まるで、何処ぞの組織の秘密基地や秘密戦艦の内部みたいだ…。
『空間震ってのが起こる様になってから、こういった化学的な部分に人間はより一層力を入れるようになったからな。』
そうだね……でも、それにしたって此処は聊か、『オーバーテクノロジー』な気がする。
さっきの転移と言い、案外本当に秘密結社に拉致られた可能性が出てきたね。
『そう考えるなら、目的は何だ?連れ去るってのなら、あのお嬢ちゃんのほうが納得いくが…』
そこまでは分からないよ…
「ところで、お姉さん…僕ら初対面のはずだけど如何して僕のこと知ってたのかな?」
「……ああ。君の知り合いと私は面識があるんだ。」
「成る程ね、つまり僕達は『知り合いの知り合い』って関係かな?」
「……そういう事になる。」
「ふぅん…でも、お姉さんが僕の名前知ってるのに、僕がお姉さんの名前を知らないのはちょっと不公平じゃないかな?名前、教えてよ。」
「……【村雨令音(むらさめれいね)】だ。ここで解析官をやっている。」
「OK…村雨令音さんだね?覚えたよ…。」
『?珍しいな…お前が人の名前を態々覚えるなんて…』
忘れたの【強欲】?僕の存在は一度消滅してるんだよ…その上での知り合いなんて稀有に等しい事をさ。

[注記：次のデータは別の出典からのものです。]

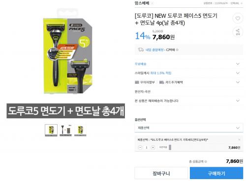 지마켓에서 도루코 페이스 5 면도기 + 면도날 총4개를 7860원에 무료배송으로 팔고있습니다. 면도기 필요하셧던분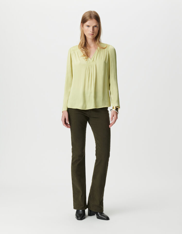 Blouse verte fluide détails smocks Femme

『ああ、確かにそうだな…俺との契約の際にお前の存在は自分を全ての記憶から消滅し、記録も消えた筈だ。その上での知り合いってのなら…。』
【強欲】と話し合っていると、不意に村雨さんが足を止めて此方を振り返る。
「……此処が医務室だ。詳しいことは彼が目を覚ましてから話させてもらうが良いだろうか?」
「良いよ…秘密にされよりかは遥かにマシだ。僕らは巻き込まれた側なんだろうからね、知る権利ってのがあるだろうし?」
「分かった…彼をベッドに寝かせてくれ。免許は持っていないが軽い看護くらいなら出来る。君も適当に腰を掛けていてくれ」
「はいはい。って言うか…村雨さんも大丈夫なの?初見で思ったけど、凄い隈だよ?」
「……最近、寝不足なだけさ。」
「あんまり、美容に良くないよ…綺麗なのに勿体無い。」
「……気をつけるよ」
「そうしてください……。」
でも、暇だなぁ…士道が目覚めるまで何して時間潰そう?
『さぁな…俺は回復するから、また少し眠らせてもらうぜ?』
分かったよ…僕も『お姉ちゃんの歌』聞いて時間潰すか……。
『……はっ!』
暫くすると士道が目を覚ました声がイヤホン越しに聞こえた。
「うわッ!」
「……ん?目覚めたね。」
「うん、起きたみたいだね。」
端末の一時停止ボタンを押してからイヤホンを取り外す…。
「あれ?迅?…あれ?此処何処?!この人誰!?」
「此処で解析艦やってる村雨令音さん…此処は……何処だろう?」
「此処は〈フラクシナス〉の医務室だ。気絶していたのを彼に運んでもらったのさ。」
「気絶?…あ。」
士道が気絶する直前のことを思い出したみたいだ…。
でも、それよりも…此処はフラクシナスって名前の場所なのか。
「士道。色々聞きたいことあるだろうけど、詳しいことはお前目覚めてから話してくれるって言ってたから、とりあえず落ち着いたら?」
「そういうお前は何でそこまで落ち着けるんだ?」
「え?んん~~…まぁ、起きちゃった現実を目にしてるからね。」
頭から幾つも『?』マークを浮かばせてる士道を一先ず落ち着かせる。
「それよりさ…士道が目覚めたんだ。詳しいこと…ちゃんと話してもらいますよ?」
「……そうなのだが、私はどうも口下手でね。先に君達に紹介したい人物が居るから、詳しい事は彼女から聞くといい。」
「……りょーかい」
「? ?? ???」
再び移動が始まる。
途中で令音が倒れたり、薬を『食べたり』(あれは飲むなんてレベルじゃない)と士道の突っ込みが此処でも発揮されたが、通路の突き当たりで移動が終わる。
電子パネルが軽快な音を鳴らし扉がスライドする。
「……さ、入りたまえ。」
促されるまま、僕と士道は中に入る。
そこに広がる光景に思わず目を見開いてしまった。
そこはまるで戦艦などの艦橋(ブリッジ)の様な異様な光景…だが、ただの船ではない。
それこそSF映画や特撮番組とかに出て来る…【空中戦艦】のブリッジを想起させる光景だ。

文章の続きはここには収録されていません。